(RECORDS FOR THE EXERCISE)

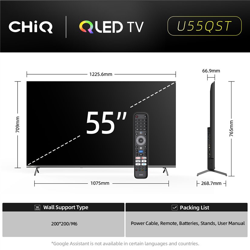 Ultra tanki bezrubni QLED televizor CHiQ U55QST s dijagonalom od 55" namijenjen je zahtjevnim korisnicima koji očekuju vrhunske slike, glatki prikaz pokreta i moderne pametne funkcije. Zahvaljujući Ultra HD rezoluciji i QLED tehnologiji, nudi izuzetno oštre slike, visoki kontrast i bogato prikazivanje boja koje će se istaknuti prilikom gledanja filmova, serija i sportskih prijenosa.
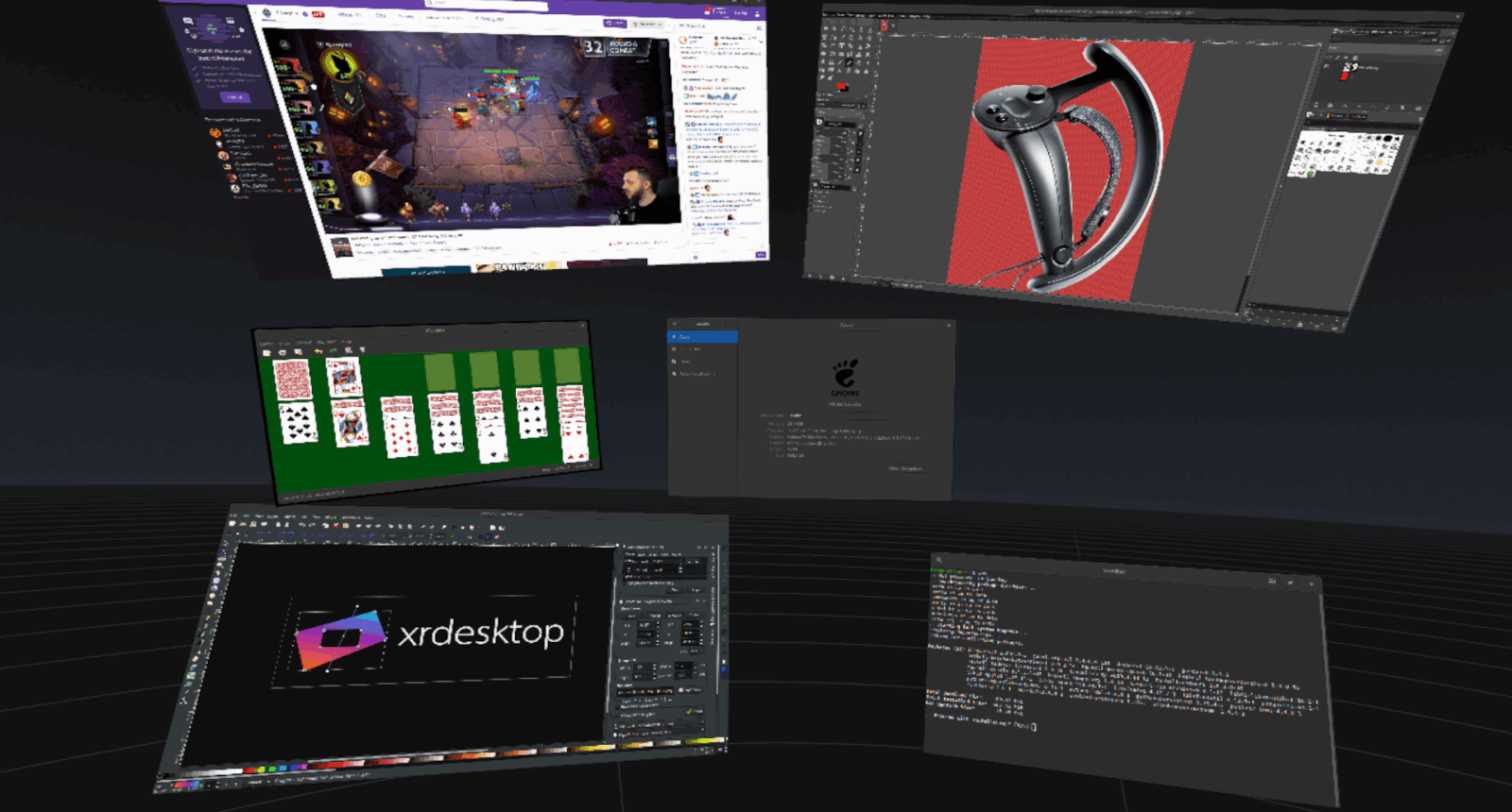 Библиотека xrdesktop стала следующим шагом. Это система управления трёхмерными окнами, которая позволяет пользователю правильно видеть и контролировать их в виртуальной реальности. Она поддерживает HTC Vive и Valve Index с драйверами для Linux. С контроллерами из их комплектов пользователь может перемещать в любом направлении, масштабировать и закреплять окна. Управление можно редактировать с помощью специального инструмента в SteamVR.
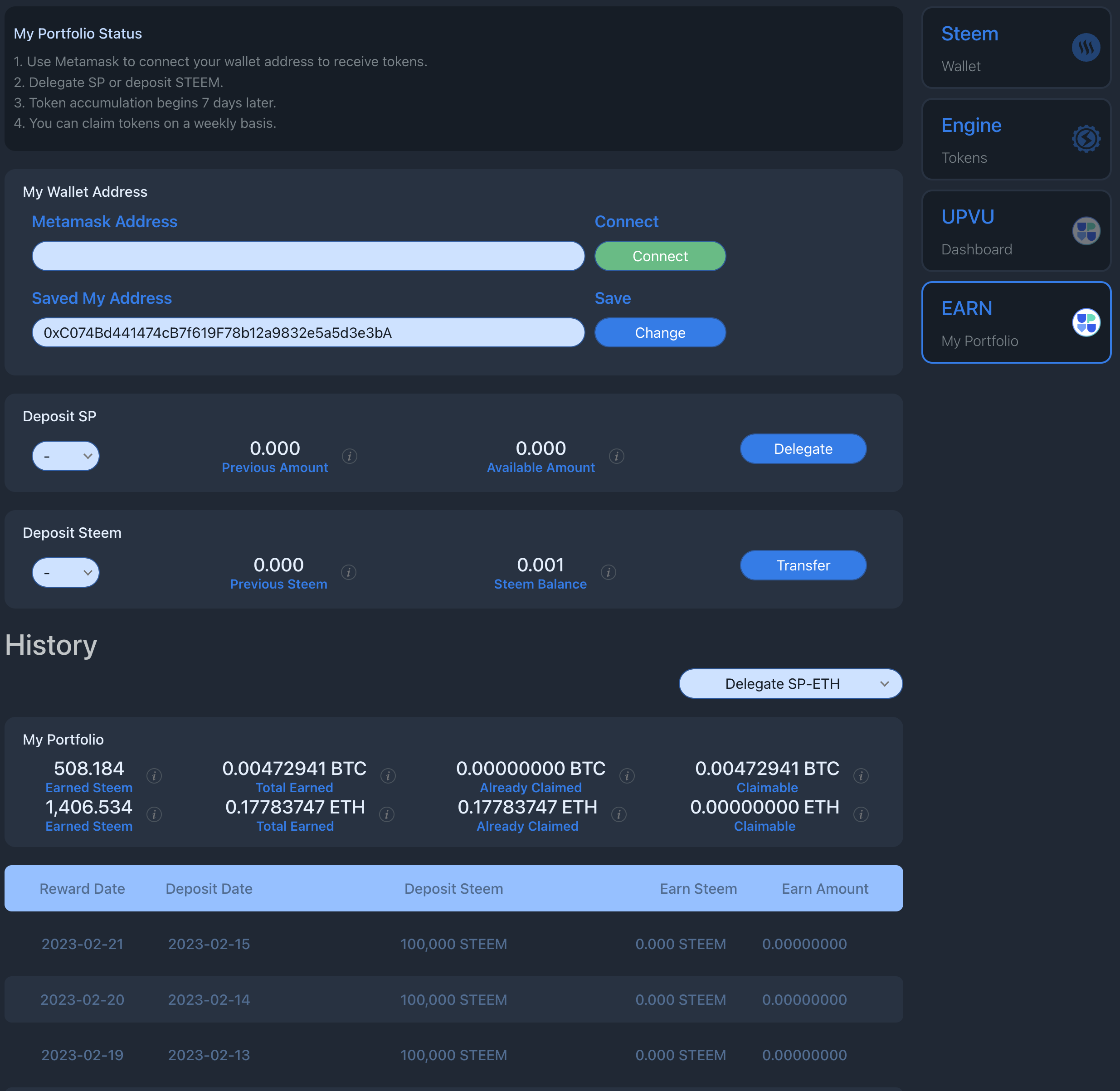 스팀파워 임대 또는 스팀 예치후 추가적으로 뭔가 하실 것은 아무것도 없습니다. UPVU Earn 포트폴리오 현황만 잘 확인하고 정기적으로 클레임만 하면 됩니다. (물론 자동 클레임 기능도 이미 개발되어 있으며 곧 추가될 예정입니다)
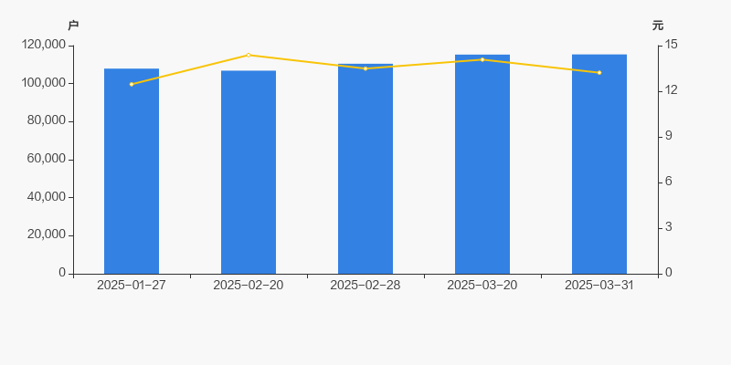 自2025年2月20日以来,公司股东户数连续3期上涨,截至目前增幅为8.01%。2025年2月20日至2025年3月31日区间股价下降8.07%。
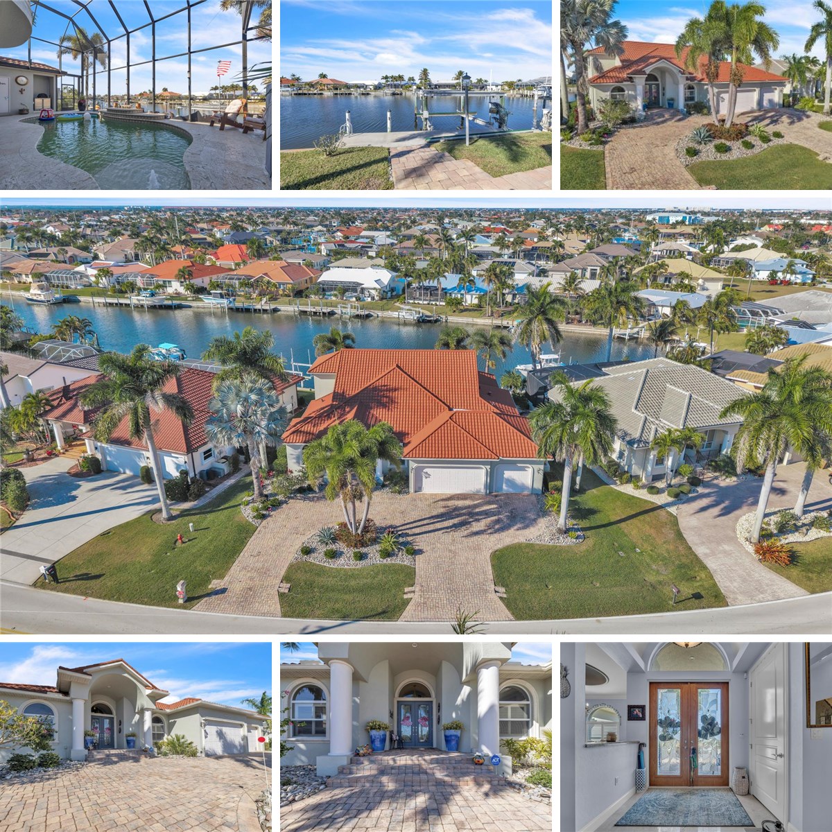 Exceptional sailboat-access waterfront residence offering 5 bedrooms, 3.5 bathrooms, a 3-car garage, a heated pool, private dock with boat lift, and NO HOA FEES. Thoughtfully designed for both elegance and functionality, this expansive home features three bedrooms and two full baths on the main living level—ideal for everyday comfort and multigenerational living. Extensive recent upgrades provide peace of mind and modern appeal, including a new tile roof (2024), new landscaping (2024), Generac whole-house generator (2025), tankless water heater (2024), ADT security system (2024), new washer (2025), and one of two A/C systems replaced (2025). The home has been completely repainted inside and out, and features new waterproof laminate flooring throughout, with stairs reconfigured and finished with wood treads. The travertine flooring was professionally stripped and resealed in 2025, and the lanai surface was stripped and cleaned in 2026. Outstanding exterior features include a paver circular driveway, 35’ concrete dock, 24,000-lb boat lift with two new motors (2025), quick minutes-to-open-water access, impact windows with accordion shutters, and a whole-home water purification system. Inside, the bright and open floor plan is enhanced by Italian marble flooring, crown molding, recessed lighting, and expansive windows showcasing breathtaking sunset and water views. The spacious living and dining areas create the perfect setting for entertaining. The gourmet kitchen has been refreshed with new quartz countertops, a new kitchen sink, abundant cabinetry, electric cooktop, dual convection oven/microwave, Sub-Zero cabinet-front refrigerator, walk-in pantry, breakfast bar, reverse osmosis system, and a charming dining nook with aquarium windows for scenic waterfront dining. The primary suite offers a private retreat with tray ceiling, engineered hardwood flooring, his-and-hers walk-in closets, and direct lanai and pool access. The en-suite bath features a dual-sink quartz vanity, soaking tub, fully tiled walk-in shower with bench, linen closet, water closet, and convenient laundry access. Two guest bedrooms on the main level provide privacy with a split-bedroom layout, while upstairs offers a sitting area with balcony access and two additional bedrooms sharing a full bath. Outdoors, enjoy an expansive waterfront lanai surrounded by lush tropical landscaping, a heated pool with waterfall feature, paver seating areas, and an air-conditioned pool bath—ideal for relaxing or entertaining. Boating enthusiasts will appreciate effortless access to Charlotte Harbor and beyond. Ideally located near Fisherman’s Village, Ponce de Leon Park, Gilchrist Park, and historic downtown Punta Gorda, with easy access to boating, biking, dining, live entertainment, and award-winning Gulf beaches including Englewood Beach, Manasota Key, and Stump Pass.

(End RECORDS FOR THE EXERCISE)

-- WHAT TO PRODUCE --
Leaving out the images, return the entries above exactly as they read.

-- WRITTEN SOLUTION --
 Ultra tanki bezrubni QLED televizor CHiQ U55QST s dijagonalom od 55" namijenjen je zahtjevnim korisnicima koji očekuju vrhunske slike, glatki prikaz pokreta i moderne pametne funkcije. Zahvaljujući Ultra HD rezoluciji i QLED tehnologiji, nudi izuzetno oštre slike, visoki kontrast i bogato prikazivanje boja koje će se istaknuti prilikom gledanja filmova, serija i sportskih prijenosa.
 Библиотека xrdesktop стала следующим шагом. Это система управления трёхмерными окнами, которая позволяет пользователю правильно видеть и контролировать их в виртуальной реальности. Она поддерживает HTC Vive и Valve Index с драйверами для Linux. С контроллерами из их комплектов пользователь может перемещать в любом направлении, масштабировать и закреплять окна. Управление можно редактировать с помощью специального инструмента в SteamVR.
 스팀파워 임대 또는 스팀 예치후 추가적으로 뭔가 하실 것은 아무것도 없습니다. UPVU Earn 포트폴리오 현황만 잘 확인하고 정기적으로 클레임만 하면 됩니다. (물론 자동 클레임 기능도 이미 개발되어 있으며 곧 추가될 예정입니다)
 自2025年2月20日以来,公司股东户数连续3期上涨,截至目前增幅为8.01%。2025年2月20日至2025年3月31日区间股价下降8.07%。
 Exceptional sailboat-access waterfront residence offering 5 bedrooms, 3.5 bathrooms, a 3-car garage, a heated pool, private dock with boat lift, and NO HOA FEES. Thoughtfully designed for both elegance and functionality, this expansive home features three bedrooms and two full baths on the main living level—ideal for everyday comfort and multigenerational living. Extensive recent upgrades provide peace of mind and modern appeal, including a new tile roof (2024), new landscaping (2024), Generac whole-house generator (2025), tankless water heater (2024), ADT security system (2024), new washer (2025), and one of two A/C systems replaced (2025). The home has been completely repainted inside and out, and features new waterproof laminate flooring throughout, with stairs reconfigured and finished with wood treads. The travertine flooring was professionally stripped and resealed in 2025, and the lanai surface was stripped and cleaned in 2026. Outstanding exterior features include a paver circular driveway, 35’ concrete dock, 24,000-lb boat lift with two new motors (2025), quick minutes-to-open-water access, impact windows with accordion shutters, and a whole-home water purification system. Inside, the bright and open floor plan is enhanced by Italian marble flooring, crown molding, recessed lighting, and expansive windows showcasing breathtaking sunset and water views. The spacious living and dining areas create the perfect setting for entertaining. The gourmet kitchen has been refreshed with new quartz countertops, a new kitchen sink, abundant cabinetry, electric cooktop, dual convection oven/microwave, Sub-Zero cabinet-front refrigerator, walk-in pantry, breakfast bar, reverse osmosis system, and a charming dining nook with aquarium windows for scenic waterfront dining. The primary suite offers a private retreat with tray ceiling, engineered hardwood flooring, his-and-hers walk-in closets, and direct lanai and pool access. The en-suite bath features a dual-sink quartz vanity, soaking tub, fully tiled walk-in shower with bench, linen closet, water closet, and convenient laundry access. Two guest bedrooms on the main level provide privacy with a split-bedroom layout, while upstairs offers a sitting area with balcony access and two additional bedrooms sharing a full bath. Outdoors, enjoy an expansive waterfront lanai surrounded by lush tropical landscaping, a heated pool with waterfall feature, paver seating areas, and an air-conditioned pool bath—ideal for relaxing or entertaining. Boating enthusiasts will appreciate effortless access to Charlotte Harbor and beyond. Ideally located near Fisherman’s Village, Ponce de Leon Park, Gilchrist Park, and historic downtown Punta Gorda, with easy access to boating, biking, dining, live entertainment, and award-winning Gulf beaches including Englewood Beach, Manasota Key, and Stump Pass.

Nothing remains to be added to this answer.